You do yourself? Nice work bud


----------



## vlb (Oct 20, 2008)

Great job tbh, for shit like this I wish I could weld


----------



## epons400 (Feb 2, 2021)

knuckleheed2 said:


> You do yourself? Nice work bud





vlb said:


> Great job tbh, for shit like this I wish I could weld


Yer all done by me , no welding was needed , I I could weld ,bloody hell I would make all my equipment haha , it re used all the parts and bolts of the old bench . It's super strong I've had 150kg on it and no movement


----------



## mrwright (Oct 22, 2013)

Is the weight tree adjustable too


----------



## epons400 (Feb 2, 2021)

mrwright said:


> Is the weight tree adjustable too


Haha in theory yes it could decline more , but not incline it would topple lol


----------



## Seppuku71 (Sep 27, 2018)

I'd have had the bench off you for £100. Too late now.


----------



## mrwright (Oct 22, 2013)

I'd of had the bench off you for £90


----------



## epons400 (Feb 2, 2021)

Seppuku71 said:


> I'd have had the bench off you for £100. Too late now.





mrwright said:


> I'd of had the bench off you for £90


Il be honest it started at 25 , I dropped it to 15 , then 10 , I had to laugh someone 15 mile away from me offered the 10 as long as I could deliver it . So thats whe I said **** it let's use if for something else


----------



## Seppuku71 (Sep 27, 2018)

epons400 said:


> Il be honest it started at 25 , I dropped it to 15 , then 10 , I had to laugh someone 15 mile away from me offered the 10 as long as I could deliver it . So thats whe I said **** it let's use if for something else


Lol, they wanted it delivered? The cheeky b'tards!! I've had that before though, selling something for almost giveaway price and people will ask for a discount and to have it delivered to them ffs!!!


----------



## epons400 (Feb 2, 2021)

Seppuku71 said:


> Lol, they wanted it delivered? The cheeky b'tards!! I've had that before though, selling something for almost giveaway price and people will ask for a discount and to have it delivered to them ffs!!!
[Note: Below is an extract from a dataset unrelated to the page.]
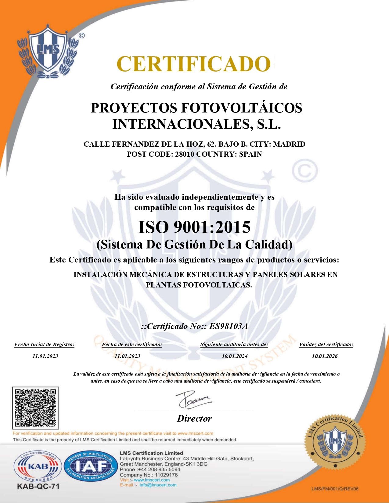Ejecutamos nuestros proyectos poniendo énfasis en el control interno y la mejora continua de nuestros procesos, para así poder ofrecer un servicio excepcional en el sector. La calidad en nuestros trabajos está avalada por las siguientes certificaciones:

If I was selling it for 100 quid I may have delivered . I was selling dumbbells and someone wanted to pay by PayPal, no chance for 60 quid , pay PayPal and then say they never received it


----------



## TrailerParkBoy (Sep 20, 2011)

epons400 said:


> If I was selling it for 100 quid I may have delivered . I was selling dumbbells and someone wanted to pay by PayPal, no chance for 60 quid , pay PayPal and then say they never received it


PayPal is OK, just make sure payment is made as a gift. They can't claim it back


----------